A highly evolved, orange-red giant star, Aldebaran A
is still much smaller than the red supergiant
Betelgeuse,
at left. (See a Digitized Sky Survey
image
of Aldebaran A from the
Nearby
Stars Database.)
System Summary
Aldebaran, or Alpha Tauri, is a binary star system located around 65.1 light-years (ly) from Sol. The star lies in the central part (4:35:55.2+16:30:33.5 for Star A and 4:35:57.0+16:30:22 for Star B, ICRS 2000.0) of Constellation Taurus (see chart and photo), the Bull -- northwest of Constellation Orion and on the left or eastern tip of the Hyades star cluster.
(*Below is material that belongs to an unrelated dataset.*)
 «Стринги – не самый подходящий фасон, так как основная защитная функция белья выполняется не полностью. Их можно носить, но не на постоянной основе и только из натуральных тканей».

Its proper name, Aldebaran, is derived from the Arabic "Al Dabaran" for the Follower because the star appears to track the night time movement of the Pleiades ("Seven Sisters") star cluster. This first magnitude star is the 13th brightest in Earth's night sky. According to Robert Burnham, Jr. (1931-93), Aldebaran A exhibits an annual proper motion of 0.21" around PA 160° with an radial velocity of about 33 miles (53 km) per second in recession. The system is a member of the Hyades group.
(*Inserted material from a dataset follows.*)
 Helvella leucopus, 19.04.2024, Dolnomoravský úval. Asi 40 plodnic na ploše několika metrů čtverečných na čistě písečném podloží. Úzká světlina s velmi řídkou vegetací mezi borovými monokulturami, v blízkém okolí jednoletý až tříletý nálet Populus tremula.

In 1997, a team of astronomers announced the tentative discovery of a giant planet companion "b" to Aldebaran A (more details below). The discovery has yet to be confirmed, and some astronomers suspect that the radial velocity variations may actually reflect a long-term oscillation in Star A itself. (See an animation of the orbit of this possible substellar object around Aldebaran, with a table of basic orbital and physical characteristics.)
Aldebaran A is a orange-red giant star of spectral and luminosity type K5 III. The star may have a mass between one and 2.5 of Sol's (Hatzes and Cocharn, 1993) but around 40 to 52 times its diameter -- extending halfway to the planet Mercury in the Solar System so that it would be 20 degrees across in Earth's skies. According to the Yale Bright Star Catalogue, 1991 5th Revised Edition notes entry for HR 1457, two determinations of diameter were estimated (0.022" and 0.0237"), and Magnesium-II emissions indicate a cooler shell of gas and dust surrounding Star A (with an infrared emission determination of the envelope diameter to be 10"). It also has around 150 times Sol's luminosity (based on a Johnson Vmag of 0.87 at a HIPPARCOS distance estimate of 65.12 ly), but this may increase to around 170 times Sol's. Aldebaran A is estimated to have between 47 to 100 percent as enriched than Sol with elements heavier than hydrogen ("metallicity") based on its abundance of iron (Cayrel de Strobel et al, 1991, page 282). Before the star evolved out of the main sequence, it may have been a spectral type A dwarf (Hatzes and Cochran, 1993).
NASA
Observatorium
See a discussion of
the
"main
sequence"
as part of
stellar
evolution and death.
Aldebaran A is believed to have evolved into helium-burning "clump" giant. Given that its surrounding shell of gas and dust contains the higher element Magnesium, the star may have already shed a substantial share of its mass after progressing up the giant branch farther than, say, Pollux. According to the SIMBAD Astronomical Database, Aldebaran A is a slow irregular, pulsating variable star that fluctuates by only two-tenths of a magnitude, which is not very perceptible by Humans with the naked eye (more discussion at: Wasatonic and Guinan, 1997). It has been designated in the Catalogue of Suspected Variable stars as CSV 6116. Useful catalogue numbers and designations for the star include: Alp or Alf Tau A, 87 Tau A, HR 1457*, Gl 171.1 A, GJ 9159 A, Hip 21421, HD 29139, BD+16 629 A, SAO 94027, FK5 168, Wo 9159 A, LTT 11462, and ADS 3321 A.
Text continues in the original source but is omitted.